__Brief__
Could you repeat the data word for word while skipping the pictures?

__Collected data__
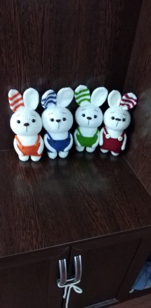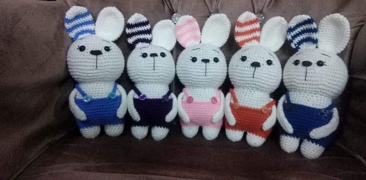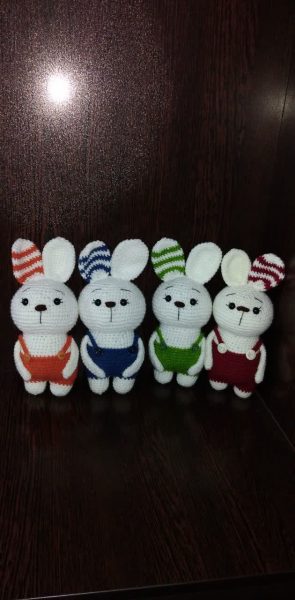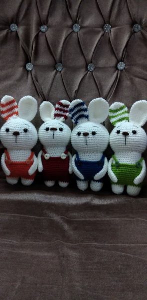 عروسک دست بافت خرگوش در رنگ های متنوع مخصوص روز دختر و هدیه با کادوی زیبا
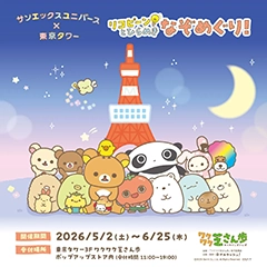 内容:サンエックスの仲間たちと楽しむ「ピクニック」をテーマに、「うそ探偵トマント」をはじめ、「リラックマ」、「すみっコぐらし」 など総勢8キャラクター以上のサンエックスユニバースのキャラクターたちと一緒に東京タワーやその周辺を散策しながら楽しめる体験型コンテンツを多数展開します。
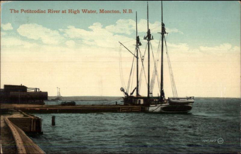 Moncton NB Petitcodiac River at High Water Ship at Dock c1910 Postcard #1

__Response for this exercise__
 عروسک دست بافت خرگوش در رنگ های متنوع مخصوص روز دختر و هدیه با کادوی زیبا
 内容:サンエックスの仲間たちと楽しむ「ピクニック」をテーマに、「うそ探偵トマント」をはじめ、「リラックマ」、「すみっコぐらし」 など総勢8キャラクター以上のサンエックスユニバースのキャラクターたちと一緒に東京タワーやその周辺を散策しながら楽しめる体験型コンテンツを多数展開します。
 Moncton NB Petitcodiac River at High Water Ship at Dock c1910 Postcard #1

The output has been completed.